简体繁体 English

合并两个字符串之间的差异的方法？

[英]A Way To Merge Differences Between Two Strings?

原文 2012-01-22 01:41:28 0 1 php/ wordpress/ html-parsing/ string-parsing

I've created a wordpress plugin which automatically adds a  tag to your post based on certain criteria, but intelligently places this tag inside your post. 我已经创建了一个wordpress插件，可以根据特定条件自动为帖子添加标签，但会智能地将此标记放在帖子中。 The problem is, I haven't come up with a proper way to battle HTML code. 问题是，我没有想出一个正确的方法来对抗HTML代码。 Currently I have it checking to see if there is a < , and if so, it finds the next > in the post. 目前我检查是否有< ，如果有，它会在帖子中找到下一个> 。

What I'm hoping to do here is remove the html from the equation entirely. 我希望在这里做的是完全从等式中删除html。 I was wondering if there is any system, like a git for PHP, where I would be able to save the HTML code version of the string, and then strip the HTML away and store the plaintext version of the code in another variable, place the  tag into the plaintext version of the code, and then compare the two versions to properly merge the HTML code back into the plaintext. 我想知道是否有任何系统，比如PHP的git，我可以保存字符串的HTML代码版本，然后剥离HTML并将代码的纯文本版本存储在另一个变量中，放置标记到代码的纯文本版本，然后比较两个版本以正确地将HTML代码合并回明文。

I've tried Google, I've done about 100 hours of code changes, and I've still not come up with a solution. 我已经尝试过Google，我已经完成了大约100个小时的代码更改，而我仍然没有提出解决方案。 So now I'm bowing to the power of the cloud. 所以现在我屈服于云的力量。 Is there anyone here that can come up with a solution? 这里有没有人可以提出解决方案？

1 个解决方案

I have only a very rough idea of what you're trying to implement, so here's a very crude way of doing it. 我对你要实现的内容只有一个非常粗略的想法，所以这是一个非常粗略的方法。

Instead of taking the plain text separately and then doing all the calculations on it, you can do this in an "on the go" method. 您可以在“随时随地”的方法中执行此操作，而不是单独使用纯文本然后对其进行所有计算。

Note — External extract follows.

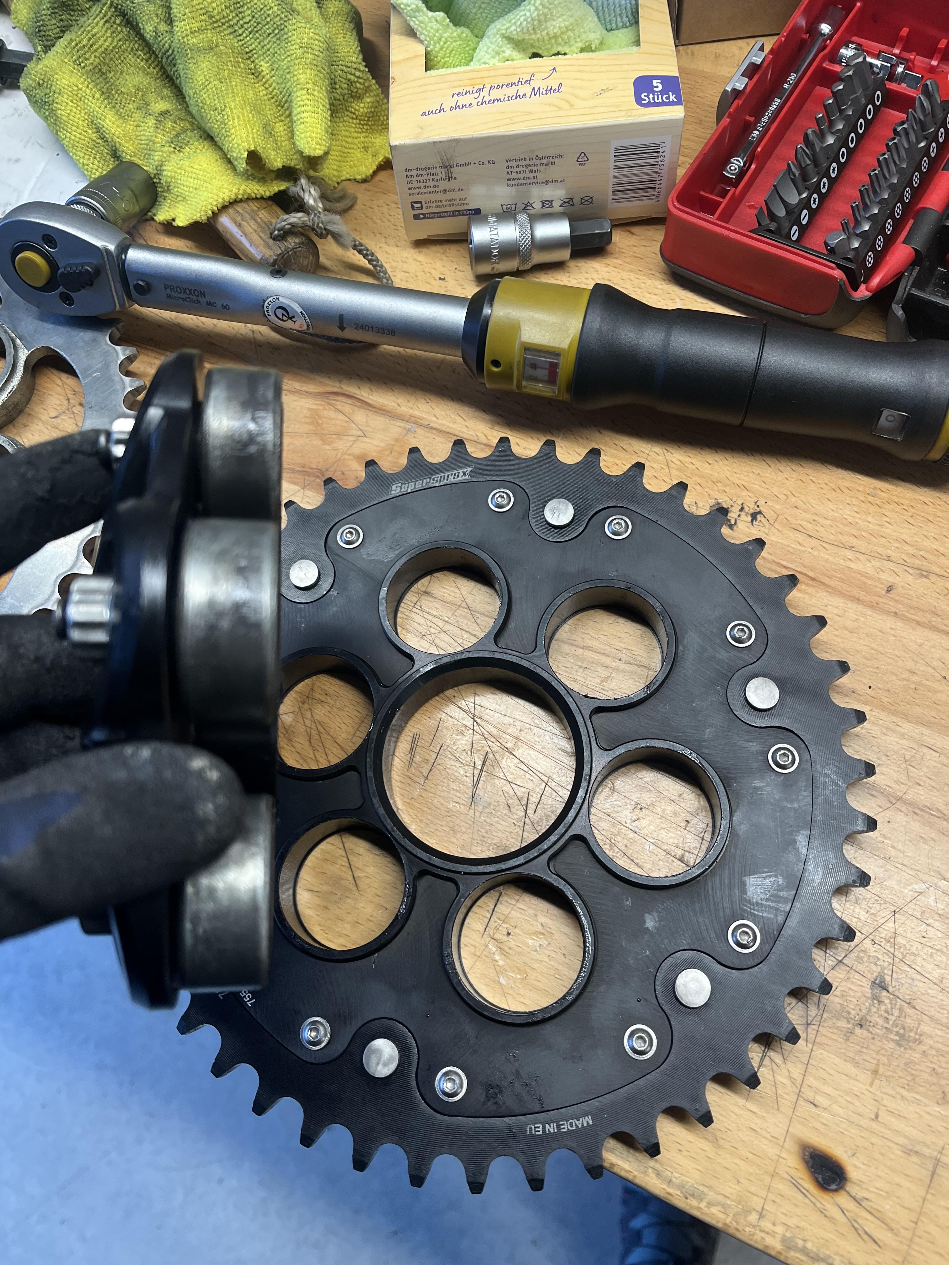 Kauther Geschrieben 29. November Geschrieben 29. November (bearbeitet) Hallo zusammen, ich brauche mal Hilfe. Ich wollte heute meiner SFV2 ein neues hinteres Kettenrad spendieren, das Stealth Supersprox. Ich dem Zug wollte ich auch den originalen Kettenradträger gegen einen von Ducabike tauschen. Leider lassen sich Kettenrad und Kettenradträger nicht miteinander verbinden, ich kann den Radträger, nach dem Festziehen der sechs 12-Kant Muttern, samt Rückdämpfern einfach vom Kettenblatt ziehen, also wirklich gar kein Halt. Rückdämpfer kaputt (16.000km) oder braucht es da andere? Kettenrad hat somit logischerweise auch sehr viel Spiel auf dem Träger, viel mehr als originales Blatt und Flansch. Die Produkte habe ich mal verlinkt. https://www.italobike-performance.de/Ducabike-Kettenradtraeger-PC6F08-fuer-viele-Ducati::2803.html?srsltid=AfmBOoo7q6b4uFdrHDMVnztS22EhR3miT6qG5tyjYmlopOn-81YNIag9 Kettenradträger https://www.kettenmax.de/passend-fuer-ducati-kettenrad-stealth-39-41-42-43-45-zaehne-520-gold-rot-schwarz-silber-rst-755-52-54016.html?c=21181 Supersprox Blatt Die Rückdämpfer sind die originalen. Vllt. weiß ja jemand Rat 🙂 EDIT: Original Teile wieder montiert, keine Probleme. Hab mal zwei Bilder beigefügt. EDIT2: Hab mir das nochmals in Ruhe angeschaut und wenn ich nicht völlig neben mir stehe ist das alles in Ordnung. Träger und Blatt lassen sich ja gar nicht verschrauben sondern nur Träger und Rückdämpfer. Beim Supersprox Blatt sind die Aufnahmen für die Rückdämpfer einen Müh größer und damit eben „fällt“ das Blatt schneller ab als das Originale. Gehalten wird ja alles durch die Dicke Zentralmutter. Bearbeitet 29. November von Kauther ++

Run a loop on all the characters in your post. 对帖子中的所有字符运行循环。 If you find a < ignore ("continue") whatever comes next till you find a > so, essentially you get the plain text inside the loop, you can do all your initial counting inside this loop (total no. of character, no. of words, etc.) - Run this loop once more and add the more tag to the content based on the initial count, break out of the second loop. 如果你发现< ignore（“continue”）接下来发生的任何事情，直到你发现> so，基本上你得到循环中的纯文本，你可以在这个循环中完成所有初始计数（字符总数，不。（等等） - 再次运行此循环，并根据初始计数向内容添加更多标记，突破第二个循环。

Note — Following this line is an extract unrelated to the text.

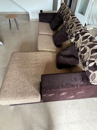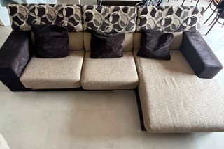 Cómodo sofá chaise longue con un diseño moderno y elegante. Sus cojines son amplios y cómodos. - Tapicería en tela de cor beige y marrón. -Cojines decorativos en color marrón oscuro. -Diseño modular con chaise longue

Written below is another idea, which is a lot more complicated and assuming that you can't do without getting the plain text. 下面写的是另一个想法，它更加复杂，假设你不能没有得到纯文本。

Let the M be the main string that contains the whole post content. 设M是包含整个帖子内容的主字符串。 Every time you find a <tag> , push it into an array, remember the location of this tag in M, push that into another array. 每次找到<tag> ，将其推入数组，记住M中此标记的位置，将其推入另一个数组。

Once you have pushed all the tags in M into an array along with the location of the tag, what you have left is plain text. 将M中的所有标记与标记的位置一起推入数组后，剩下的就是纯文本。 After you're done, pop back all the tags from the array to the plain text based on the location. 完成后，根据位置将数组中的所有标记弹回到纯文本。 This ofcourse, needs a lot of refinement, but its just an idea you can develop on. 这一点，需要大量的改进，但它只是一个你可以发展的想法。